§ REQUIREMENT
From top to bottom, print the listing word for word and skip any pictures it contains.

§ RAW DATA
"""
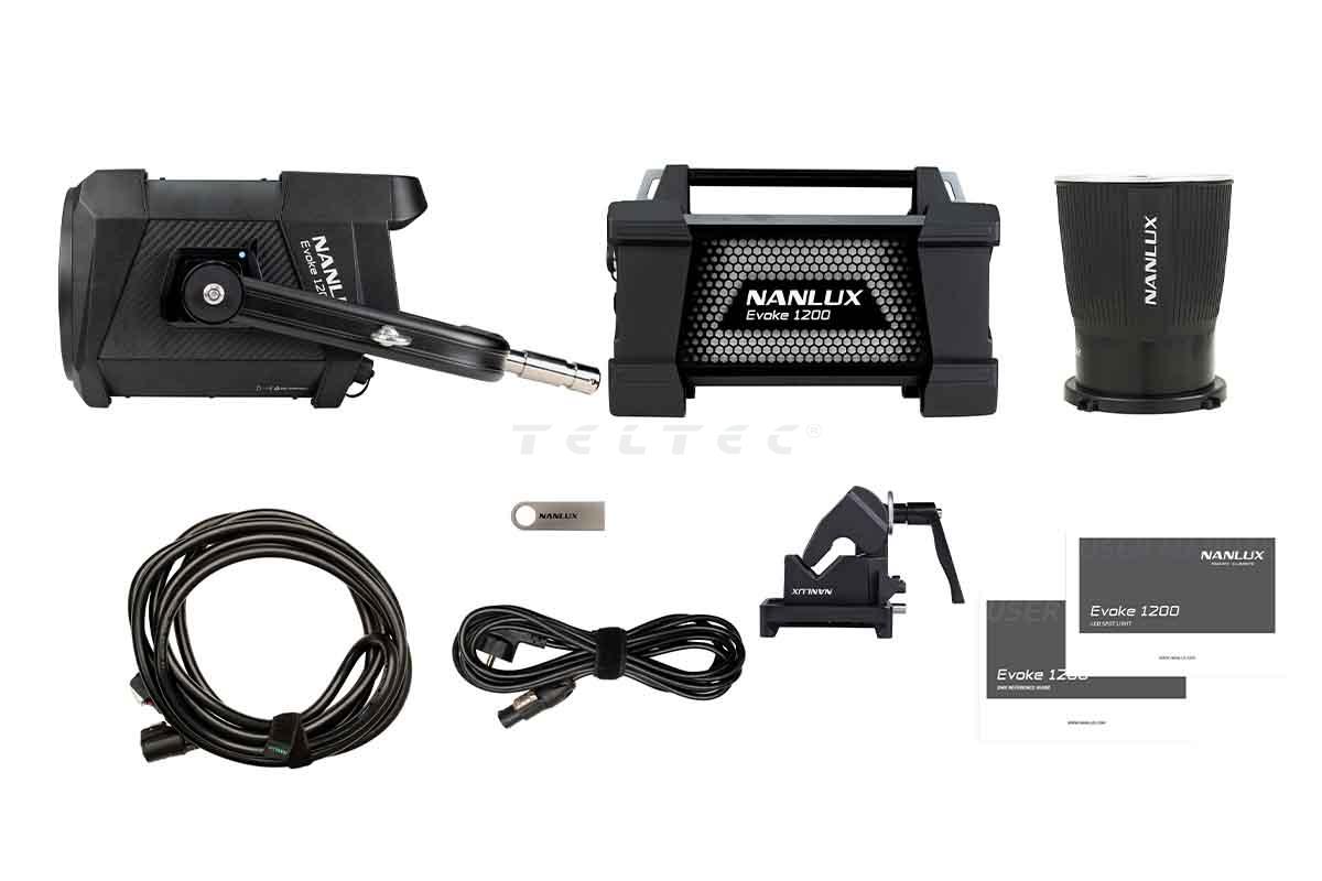 Die NANLUX Evoke 1200 ist ein LED Studio-Scheinwerfer mit 1,2 kW und einer Vielzahl an Konfigurationsmöglichkeiten. Die Leuchte liefert ein natürlich aussehendes Licht, verbaut in einem robusten Gehäuse, das Schutz vor Regen bietet. Zur Steuerung stehen kabelgebundene und drahtlose Optionen über die NANLINK App, DMX/RDM, Bluetooth und LumenRadio TimeTwo zur Verfügung. Die Evoke 1200 hat einen NL-Mount und ist mit zahlreichen Lichtformern, Modifikatoren und weiterem Zubehör kompatibel. Im Lieferumfang des ST-Kit ist zudem ein Yoke, Reflektor, Stativklemme sowie ein Transportkoffer enthalten.
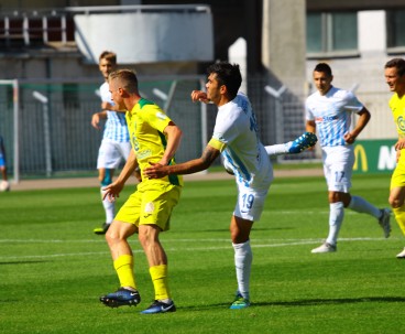 7' | 0-1 | - Второй опасный момент соорудили жёлто-зелёные. После прострела Яблонского с правого фланга чуть-чуть не дотянулся до мяча Хлебосолов, который готов был подставить ногу под летящий низом мяч. Игнатович в падении накрыл мяч.
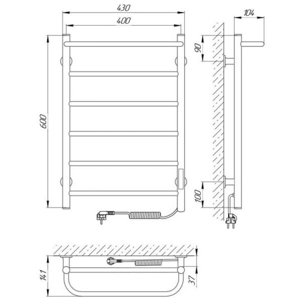 Полотенцесушитель электрический Laris Прайм 73207648 правый П6 40x60см хром купить
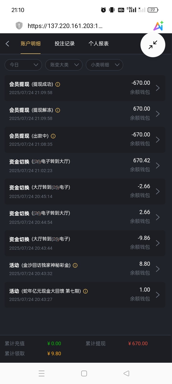 注册到现在,就半年前充值过100,我以为不给出,挺稳的
"""
§ EXERCISE SOLUTION
 Die NANLUX Evoke 1200 ist ein LED Studio-Scheinwerfer mit 1,2 kW und einer Vielzahl an Konfigurationsmöglichkeiten. Die Leuchte liefert ein natürlich aussehendes Licht, verbaut in einem robusten Gehäuse, das Schutz vor Regen bietet. Zur Steuerung stehen kabelgebundene und drahtlose Optionen über die NANLINK App, DMX/RDM, Bluetooth und LumenRadio TimeTwo zur Verfügung. Die Evoke 1200 hat einen NL-Mount und ist mit zahlreichen Lichtformern, Modifikatoren und weiterem Zubehör kompatibel. Im Lieferumfang des ST-Kit ist zudem ein Yoke, Reflektor, Stativklemme sowie ein Transportkoffer enthalten.
 7' | 0-1 | - Второй опасный момент соорудили жёлто-зелёные. После прострела Яблонского с правого фланга чуть-чуть не дотянулся до мяча Хлебосолов, который готов был подставить ногу под летящий низом мяч. Игнатович в падении накрыл мяч.
 Полотенцесушитель электрический Laris Прайм 73207648 правый П6 40x60см хром купить
 注册到现在,就半年前充值过100,我以为不给出,挺稳的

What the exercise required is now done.